A recent blog post by CommVault's Dipesh Patel has reopened the argument over the value of higher deduplication ratio. He, like others that claims that dedupe ratios don't matter, and points out that a dedupe ratio of 10:1 reduces the size of your data by 90 percent, reaching the zone of diminishing returns since a 20:1 dedupe ratio will only get you another 5 percent reduction. To me that argument sounds an awful lot like Lucy Ricardo explaining how she saved a lot of money on the new living room furniture because it was on sale.
I tend to think more like Ricky and worry not about how much was saved but how much the new living room suite, or backup solution, cost. A system that gets 20:1 is twice as good at data reduction as one that gets 10:1 not 5 percent better. It's the absolute space needed not the incremental savings that we shell out our hard-earned budget dollars for.

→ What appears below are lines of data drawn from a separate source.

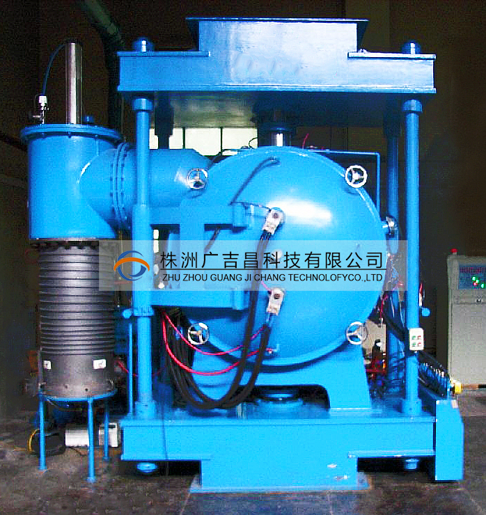 真空爐常用于金屬材料加磁處理。真空熱壓燒結(jié)爐,包括燒結(jié)爐和抽真空部分,燒結(jié)爐包括爐體和裝設(shè)在爐體內(nèi)的加熱室,燒結(jié)爐上安裝有六個引電電極,其特征是在爐體的上、下方分別設(shè)置有油壓機上梁和油壓機下梁,油壓機上梁和油壓機下梁由四個支柱連接成一整體;上壓頭由上水冷壓頭和上石墨壓頭連接構(gòu)成,下壓頭由下水冷壓頭和下石墨壓頭連接構(gòu)成,上壓頭和下壓頭分別從爐體和加熱室的上、下端面上的壓頭通孔、插入爐體內(nèi),其上石墨壓頭和下石墨壓頭分別插入加熱室內(nèi),上壓頭和下壓頭可上、下移動。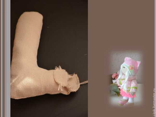 Надеваем штанишки. Сзади их присобираем и пришиваем к тельцу. Если они получились широковаты по ноге, то их можно присобрать на нитку и пришить к ножкам.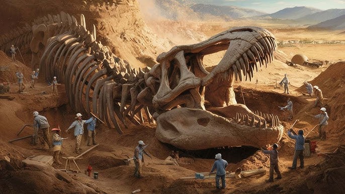 A sensational discovery in a remote canyon has sparked global astonishment, revealing not just the fossilized remains of a colossal prehistoric predator, but an unnervingly detailed carving of the same creature etched into the adjacent rock face. Paleontologists have confirmed that the immense bones—suggesting an apex carnivore larger than any known terrestrial dinosaur—are genuine, dating back millions of years. However, the presence of the giant predator carving has ignited fierce debate. Is it a stunning coincidence of nature, or a profound archaeological mystery left by an unknown ancient civilization that somehow witnessed, or even lived alongside, this magnificent beast?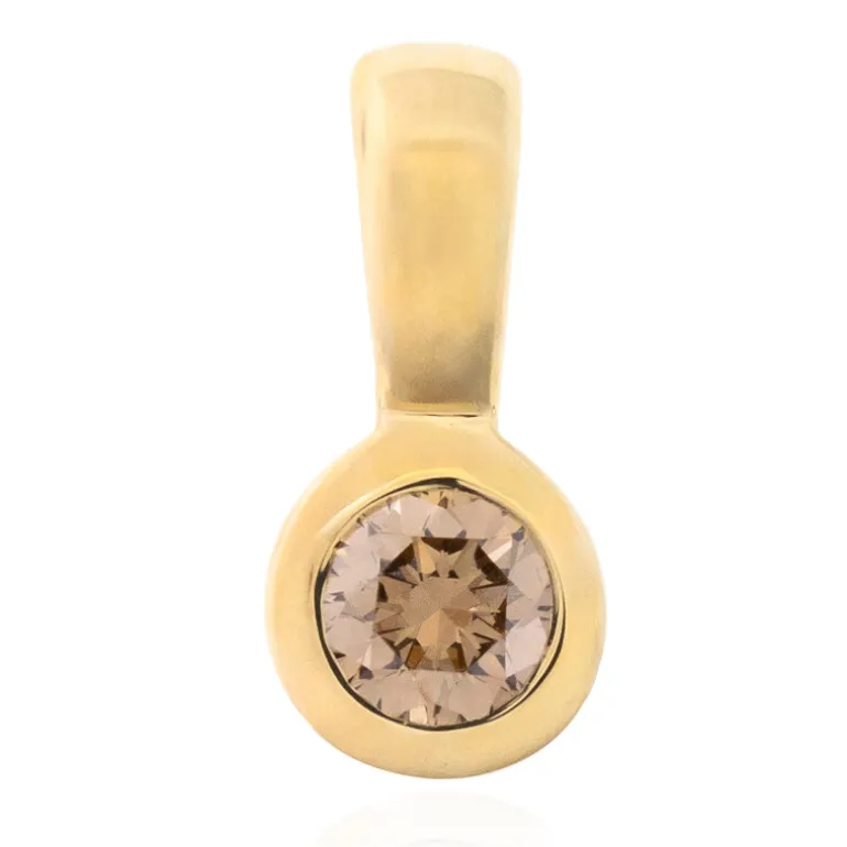 Entdecken Sie die Anziehungskraft von Argyle mit diesem raffinierten 0,25-karätigen champagnerfarbenen Diamantanhänger in 9 K Gelbgold. Sein runder Brillantschliff sorgt für ein funkelndes Strahlen aus jedem Blickwinkel. Dieser aus den berühmten australischen Argyle-Minen stammende Edelstein verleiht Ihrem Stil einen Hauch von Eleganz. Der zarte Champagnerton des Diamanten ist vielseitig und passt sowohl zur Freizeit- als auch zur Abendgarderobe und ist somit eine unverzichtbare Ergänzung für jede Schmucksammlung.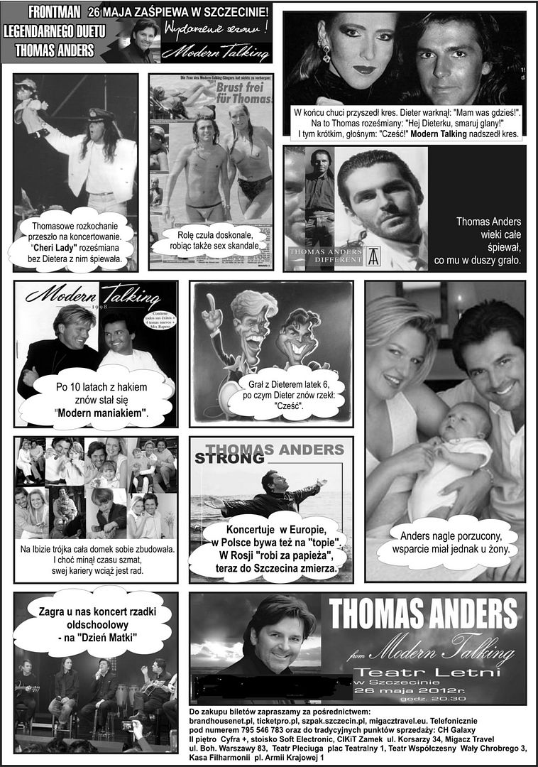 W jednej z gazet woj. zachodniopomorskiego ukaże się artykuł promujący koncert Thomasa Andersa w Szczecinie.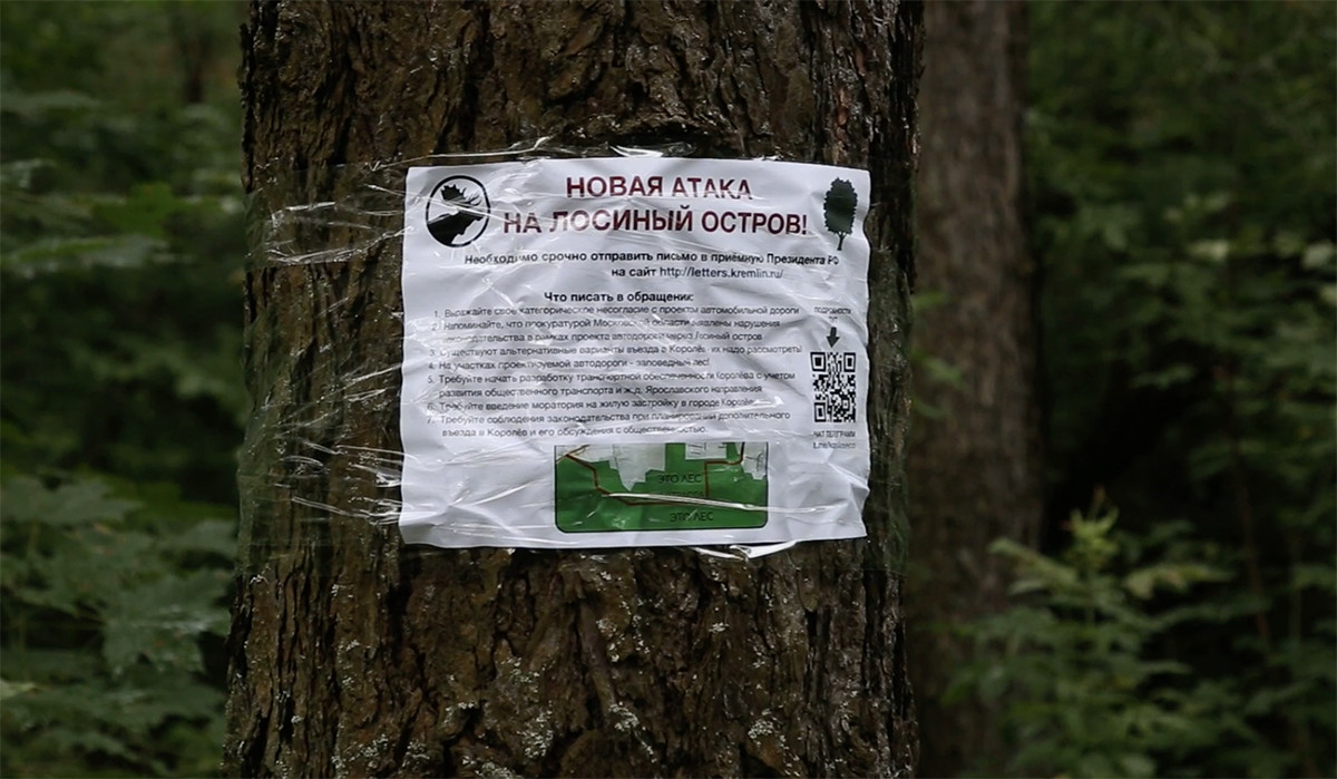 Одна из листовок на информационном щите содрана, но рядом уже висит новая — с цитатой Владимира Путина, который призывает беречь природу России. Именно к президенту в декабре прошлого года обратился журналист Дмитрий Маслак с просьбой решить проблему пробок в Королеве. Пути поручил вопрос губернатору Московской области Андрею Воробьеву, после чего и был принят проект о «капитальном ремонте дороги» через «Лосиный остров». Однако эксперты считают, что возведение автотрассы в нацпарке не решит транспортную проблему, разгрузив въезд в город лишь на 15-20%. Все альтернативные проекты министерство транспорта Московской области отклонило.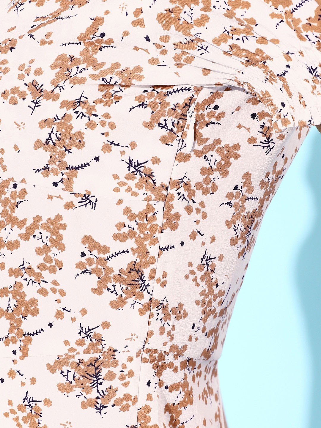 If you desire a simple yet stylish outfit, then this summer bring home this gorgeous White Floral Printed Sweetheart Neck Crepe Straight A-Line Midi Dress from Berrylush. Elegantly designed with a sweetheart neck to give a broad structure and enticing appeal to your collarbones. The zipper closure of this cami dress offers an anti-slip and supportive element to your body. Allover floral print and short puffed sleeves add a charming flair to this dress. Thigh-high slit detailing adds flattering texture and decorative sheen to this cami dress. Team up this mesmerizing A-line midi dress with your favourite pair of flats and a side bag to create a fashionable look.

If I have 500TB of backup data I want to keep online, I'll need 50TB of usable space in a system that reduces data 10:1 solution but just 25TB if it got 20:1. Assuming 1TB drives and 10+2 RAID-6 that would be 60 1TB drives for the system that gets 10:1 but just 30 for the 20:1 system. Even if the initial purchase price of the two solutions was the same, I'd still need to pay more to rack, maintain, power and cool twice as many disk drives Things get really interesting when we start replicating the data. Dedupe twice as effectively and you've reduced the amount of data to replicate in half. That could easily be the difference between meeting an SLA to replicate backups off-site in 24 hours with one T-3 line or having to pony up for a pair of T-3s.
Even if they can't accept my logic, which I admit may not be as solid as Spock's, vendor spokespeople like Mr. Patel should avoid making arguments that metrics like dedupe ratios don't matter because some readers will assume they're trying to downplay a weakness in their product. There's scarce data available on how well various products dedupe. Add in that deduplication rates can vary greatly as the amount of duplicate data varies from data set to another and one can understand why users are skeptical about dedupe ratio claims and counterclaims.
In addition to Mr. Patel I'd like to thank Curtis Preston (Blog Entry 1, Blog Entry 2) and Sepaton's Jay Livens (Blog Entry) for adding to the discussion in their blog posts.